Lines from the first one down to the one containing "Freya Shirt - Flora:- Introducing" in the data below are the only ones needed; please return them exactly, both ends included.

==== Exercise inputs ====

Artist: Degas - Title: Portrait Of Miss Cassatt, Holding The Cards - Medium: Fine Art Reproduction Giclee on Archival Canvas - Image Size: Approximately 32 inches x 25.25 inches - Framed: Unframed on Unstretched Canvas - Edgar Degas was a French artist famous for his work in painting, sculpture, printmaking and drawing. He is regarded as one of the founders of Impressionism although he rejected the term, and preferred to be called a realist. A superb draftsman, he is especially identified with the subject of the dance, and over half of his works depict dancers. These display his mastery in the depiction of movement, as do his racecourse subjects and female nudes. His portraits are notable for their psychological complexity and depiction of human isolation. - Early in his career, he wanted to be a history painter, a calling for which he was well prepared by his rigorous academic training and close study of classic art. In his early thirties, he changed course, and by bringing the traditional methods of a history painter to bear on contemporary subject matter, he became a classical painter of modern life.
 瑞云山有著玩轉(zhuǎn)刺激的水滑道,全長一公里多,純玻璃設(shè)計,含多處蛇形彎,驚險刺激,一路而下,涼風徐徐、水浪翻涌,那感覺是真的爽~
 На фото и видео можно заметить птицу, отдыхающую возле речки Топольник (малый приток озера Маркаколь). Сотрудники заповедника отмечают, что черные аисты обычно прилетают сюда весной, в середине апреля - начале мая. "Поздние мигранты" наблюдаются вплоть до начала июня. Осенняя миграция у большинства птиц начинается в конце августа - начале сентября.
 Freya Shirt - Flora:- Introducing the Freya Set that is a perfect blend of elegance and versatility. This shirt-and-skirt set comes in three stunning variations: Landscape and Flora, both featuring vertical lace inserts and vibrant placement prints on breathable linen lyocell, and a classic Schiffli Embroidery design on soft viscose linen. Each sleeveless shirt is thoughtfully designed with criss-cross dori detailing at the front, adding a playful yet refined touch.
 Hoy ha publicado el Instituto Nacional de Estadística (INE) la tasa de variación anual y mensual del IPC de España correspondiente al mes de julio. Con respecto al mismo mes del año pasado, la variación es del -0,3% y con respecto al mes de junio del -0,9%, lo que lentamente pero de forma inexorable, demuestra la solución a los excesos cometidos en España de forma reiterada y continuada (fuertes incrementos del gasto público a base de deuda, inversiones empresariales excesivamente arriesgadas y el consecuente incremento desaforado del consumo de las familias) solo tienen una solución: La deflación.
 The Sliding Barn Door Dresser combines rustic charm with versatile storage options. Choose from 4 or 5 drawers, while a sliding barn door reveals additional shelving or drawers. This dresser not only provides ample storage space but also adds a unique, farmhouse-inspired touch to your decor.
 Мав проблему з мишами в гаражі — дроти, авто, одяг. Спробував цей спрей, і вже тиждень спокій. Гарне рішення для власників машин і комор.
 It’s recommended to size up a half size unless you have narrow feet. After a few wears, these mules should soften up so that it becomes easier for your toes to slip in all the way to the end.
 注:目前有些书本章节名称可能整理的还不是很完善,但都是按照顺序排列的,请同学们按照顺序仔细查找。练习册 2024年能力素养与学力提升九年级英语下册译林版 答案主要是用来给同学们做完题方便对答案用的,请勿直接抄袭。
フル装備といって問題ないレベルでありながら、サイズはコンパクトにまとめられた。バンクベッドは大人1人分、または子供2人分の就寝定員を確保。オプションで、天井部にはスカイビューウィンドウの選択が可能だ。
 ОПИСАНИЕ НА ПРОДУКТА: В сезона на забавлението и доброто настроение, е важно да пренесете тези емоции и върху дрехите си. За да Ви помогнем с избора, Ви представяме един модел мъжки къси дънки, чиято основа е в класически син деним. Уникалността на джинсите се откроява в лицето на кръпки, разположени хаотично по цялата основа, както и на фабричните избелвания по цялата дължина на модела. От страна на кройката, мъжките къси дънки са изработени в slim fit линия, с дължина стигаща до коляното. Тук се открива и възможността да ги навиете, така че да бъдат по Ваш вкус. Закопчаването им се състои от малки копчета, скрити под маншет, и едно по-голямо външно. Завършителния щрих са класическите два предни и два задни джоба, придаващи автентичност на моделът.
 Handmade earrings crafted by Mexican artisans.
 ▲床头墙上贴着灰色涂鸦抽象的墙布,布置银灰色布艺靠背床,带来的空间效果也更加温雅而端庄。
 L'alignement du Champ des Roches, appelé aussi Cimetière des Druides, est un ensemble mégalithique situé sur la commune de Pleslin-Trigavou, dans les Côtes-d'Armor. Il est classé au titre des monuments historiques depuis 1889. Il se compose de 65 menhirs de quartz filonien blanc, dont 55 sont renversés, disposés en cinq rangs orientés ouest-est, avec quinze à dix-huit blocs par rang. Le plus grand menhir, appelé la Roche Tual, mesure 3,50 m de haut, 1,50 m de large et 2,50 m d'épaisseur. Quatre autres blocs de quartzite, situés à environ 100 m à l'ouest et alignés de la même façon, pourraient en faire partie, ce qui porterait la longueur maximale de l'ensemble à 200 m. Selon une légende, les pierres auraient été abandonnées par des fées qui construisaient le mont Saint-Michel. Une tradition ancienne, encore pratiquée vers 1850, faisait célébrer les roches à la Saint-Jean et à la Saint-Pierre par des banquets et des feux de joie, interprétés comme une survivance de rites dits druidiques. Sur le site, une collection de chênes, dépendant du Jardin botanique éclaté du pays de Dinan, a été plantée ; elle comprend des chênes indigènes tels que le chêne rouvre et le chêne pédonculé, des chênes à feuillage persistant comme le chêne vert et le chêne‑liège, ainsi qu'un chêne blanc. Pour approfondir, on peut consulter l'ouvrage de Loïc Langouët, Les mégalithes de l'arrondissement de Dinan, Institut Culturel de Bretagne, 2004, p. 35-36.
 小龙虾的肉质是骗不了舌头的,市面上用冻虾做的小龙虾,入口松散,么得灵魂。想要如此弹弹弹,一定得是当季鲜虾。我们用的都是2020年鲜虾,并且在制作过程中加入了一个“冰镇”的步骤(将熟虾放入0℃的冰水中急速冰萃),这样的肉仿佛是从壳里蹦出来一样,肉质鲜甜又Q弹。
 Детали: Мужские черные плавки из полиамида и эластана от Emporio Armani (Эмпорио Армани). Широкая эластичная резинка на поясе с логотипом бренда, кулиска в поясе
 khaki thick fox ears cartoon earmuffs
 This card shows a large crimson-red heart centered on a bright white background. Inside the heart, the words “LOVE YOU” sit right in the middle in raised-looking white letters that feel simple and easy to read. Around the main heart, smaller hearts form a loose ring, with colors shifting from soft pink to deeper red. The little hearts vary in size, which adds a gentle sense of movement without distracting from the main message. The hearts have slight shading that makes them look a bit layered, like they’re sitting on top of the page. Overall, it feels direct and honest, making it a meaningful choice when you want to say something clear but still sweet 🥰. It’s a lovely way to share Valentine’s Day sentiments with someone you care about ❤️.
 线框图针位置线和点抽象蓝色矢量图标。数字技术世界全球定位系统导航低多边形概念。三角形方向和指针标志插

====

Written solution:
Artist: Degas - Title: Portrait Of Miss Cassatt, Holding The Cards - Medium: Fine Art Reproduction Giclee on Archival Canvas - Image Size: Approximately 32 inches x 25.25 inches - Framed: Unframed on Unstretched Canvas - Edgar Degas was a French artist famous for his work in painting, sculpture, printmaking and drawing. He is regarded as one of the founders of Impressionism although he rejected the term, and preferred to be called a realist. A superb draftsman, he is especially identified with the subject of the dance, and over half of his works depict dancers. These display his mastery in the depiction of movement, as do his racecourse subjects and female nudes. His portraits are notable for their psychological complexity and depiction of human isolation. - Early in his career, he wanted to be a history painter, a calling for which he was well prepared by his rigorous academic training and close study of classic art. In his early thirties, he changed course, and by bringing the traditional methods of a history painter to bear on contemporary subject matter, he became a classical painter of modern life.
 瑞云山有著玩轉(zhuǎn)刺激的水滑道,全長一公里多,純玻璃設(shè)計,含多處蛇形彎,驚險刺激,一路而下,涼風徐徐、水浪翻涌,那感覺是真的爽~
 На фото и видео можно заметить птицу, отдыхающую возле речки Топольник (малый приток озера Маркаколь). Сотрудники заповедника отмечают, что черные аисты обычно прилетают сюда весной, в середине апреля - начале мая. "Поздние мигранты" наблюдаются вплоть до начала июня. Осенняя миграция у большинства птиц начинается в конце августа - начале сентября.
 Freya Shirt - Flora:- Introducing the Freya Set that is a perfect blend of elegance and versatility. This shirt-and-skirt set comes in three stunning variations: Landscape and Flora, both featuring vertical lace inserts and vibrant placement prints on breathable linen lyocell, and a classic Schiffli Embroidery design on soft viscose linen. Each sleeveless shirt is thoughtfully designed with criss-cross dori detailing at the front, adding a playful yet refined touch.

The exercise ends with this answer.